- Task statement
Without pictures, return the lines from the one containing "a Tovaglia di" through the last line of the data below, exactly.

- Collected material
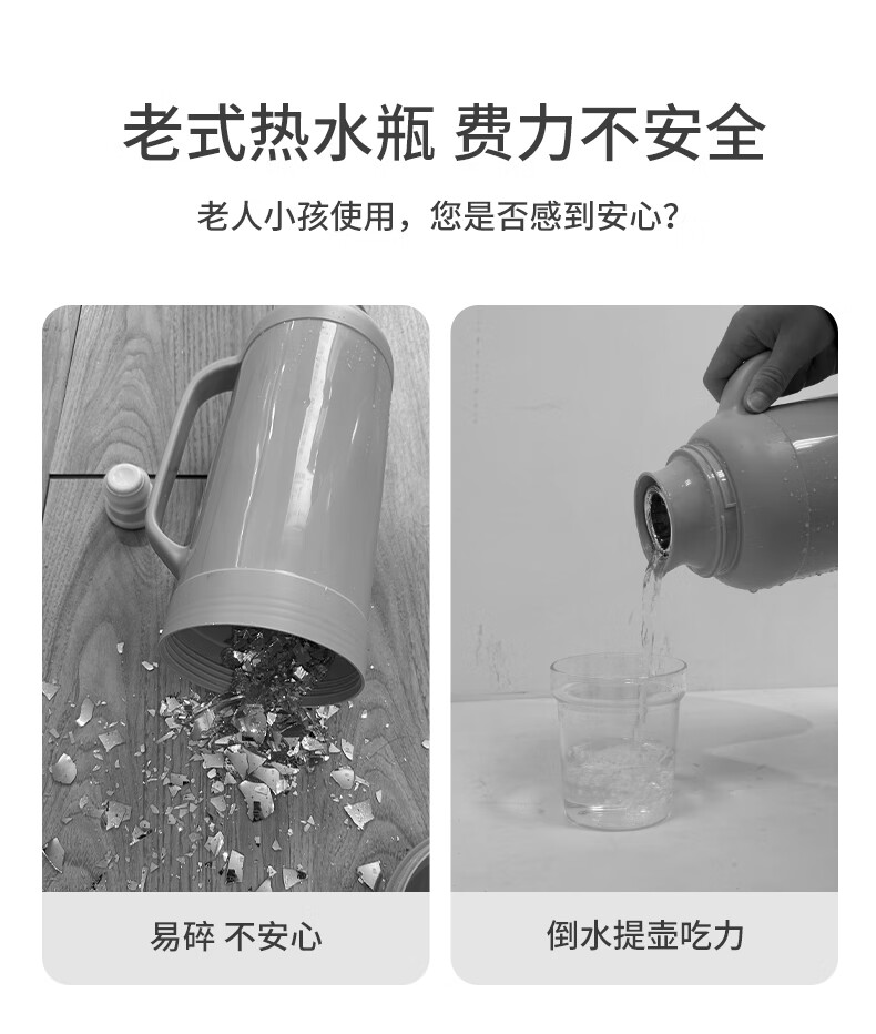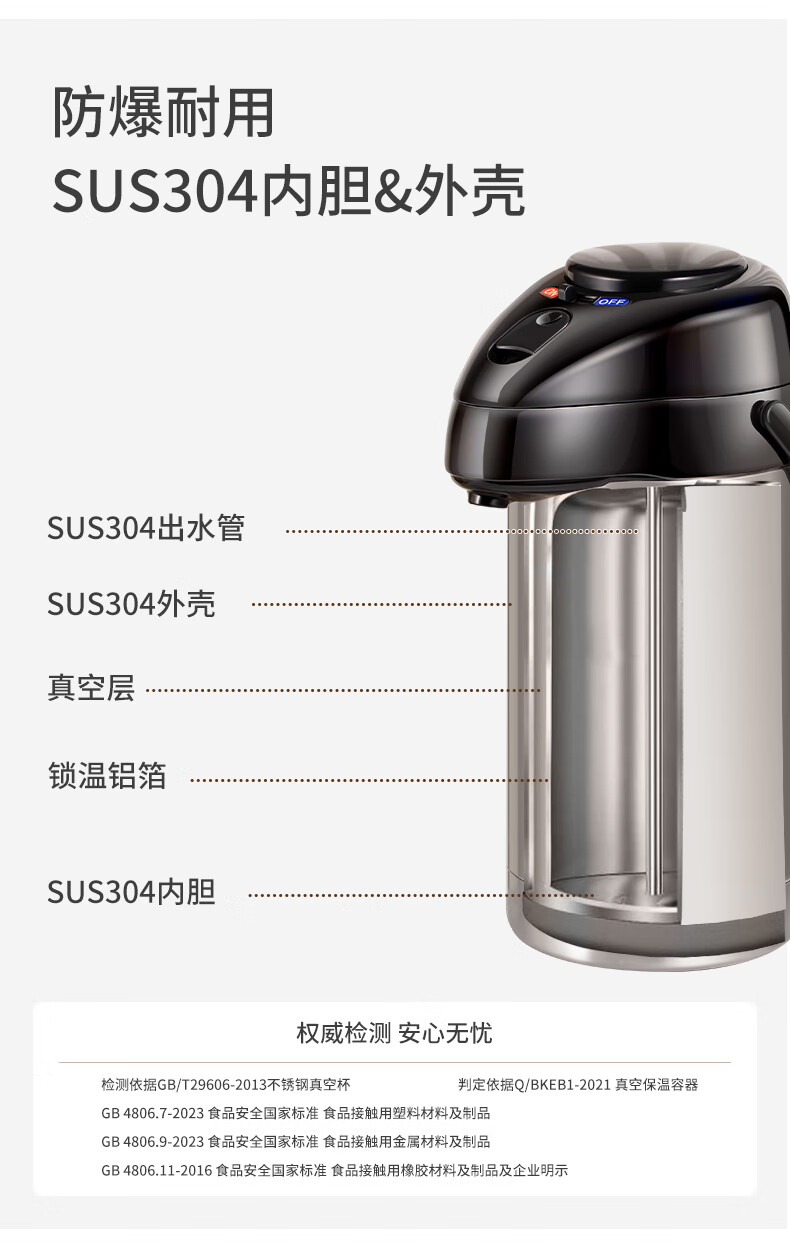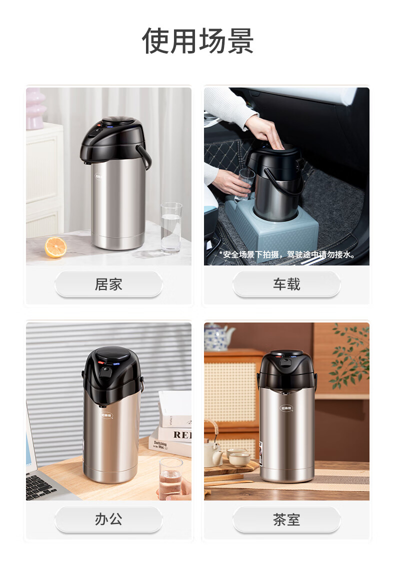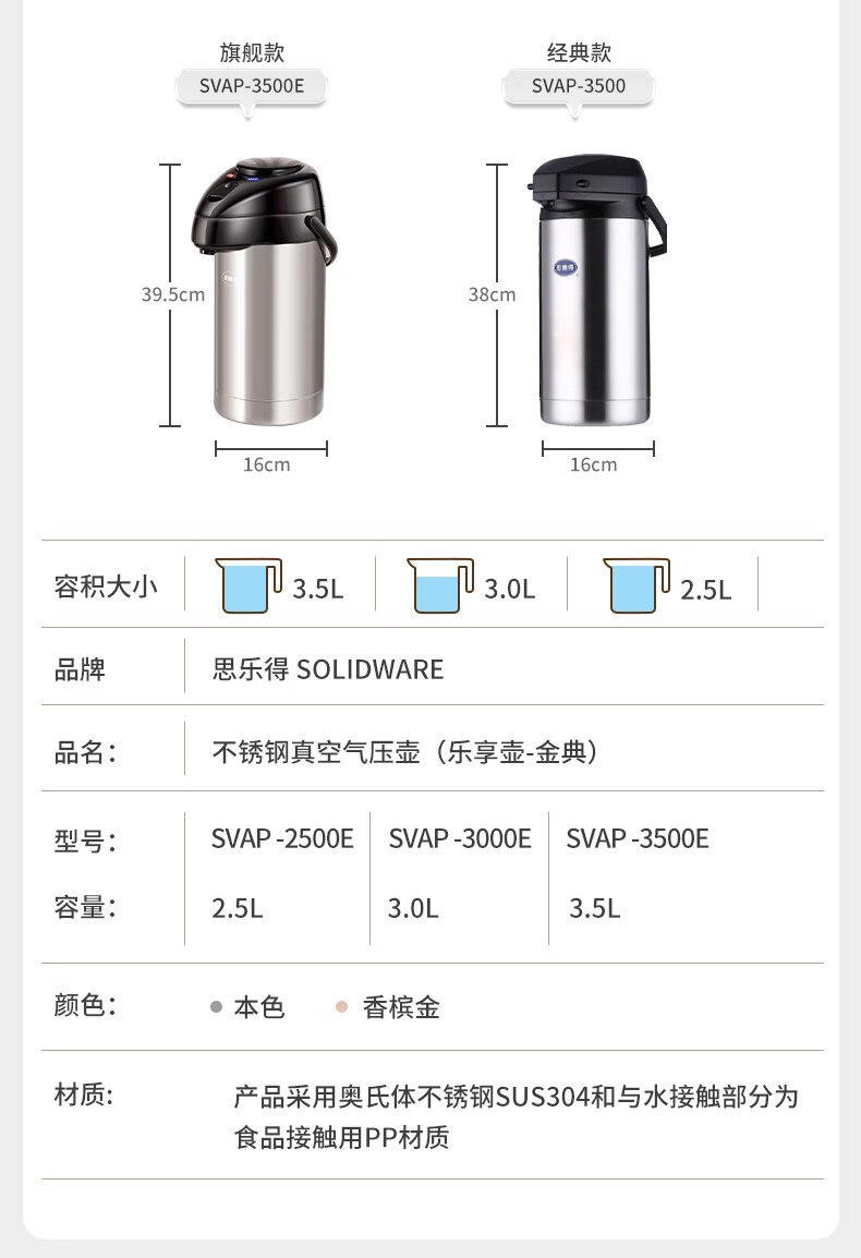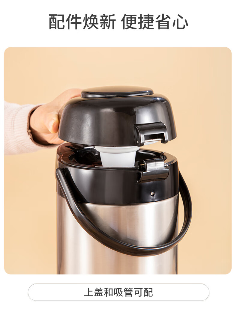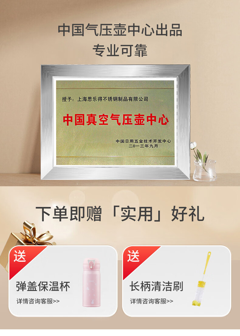 思乐得(SOLIDWARE)304不锈钢保温壶气压壶家用大容量热水壶办公室车载老式暖壶暖瓶 旗舰款-香槟金2.5L
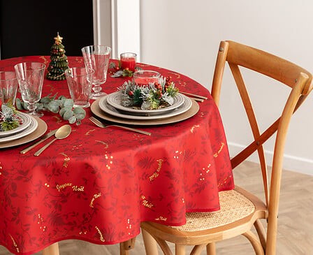 a Tovaglia di Natale di 180 cm di diametro è un elegante complemento per la tua tavola festiva. Realizzata in rosso e oro, aggiunge un tocco di classe e raffinatezza alle tue cene e pranzi natalizi. La sua proprietà antimacchia assicura praticità e facilita la manutenzione, mantenendo il tuo tavolo impeccabile anche durante i pasti più festivi. Con una altezza di 0,3 cm, si adatta perfettamente a diverse altezze di tavolo, rendendola una scelta versatile e decorativa per le festività
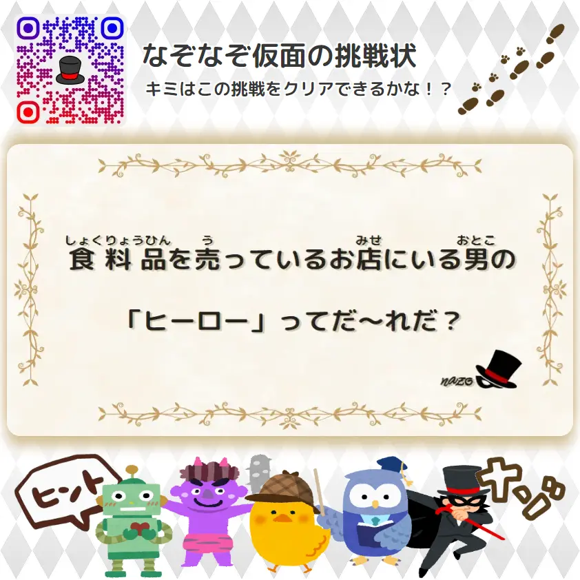 ふつう(中学生) 食料品を売っているお店にいる男の「ヒーロー」ってだ~れだ?

- Result for this task
 a Tovaglia di Natale di 180 cm di diametro è un elegante complemento per la tua tavola festiva. Realizzata in rosso e oro, aggiunge un tocco di classe e raffinatezza alle tue cene e pranzi natalizi. La sua proprietà antimacchia assicura praticità e facilita la manutenzione, mantenendo il tuo tavolo impeccabile anche durante i pasti più festivi. Con una altezza di 0,3 cm, si adatta perfettamente a diverse altezze di tavolo, rendendola una scelta versatile e decorativa per le festività
 ふつう(中学生) 食料品を売っているお店にいる男の「ヒーロー」ってだ~れだ?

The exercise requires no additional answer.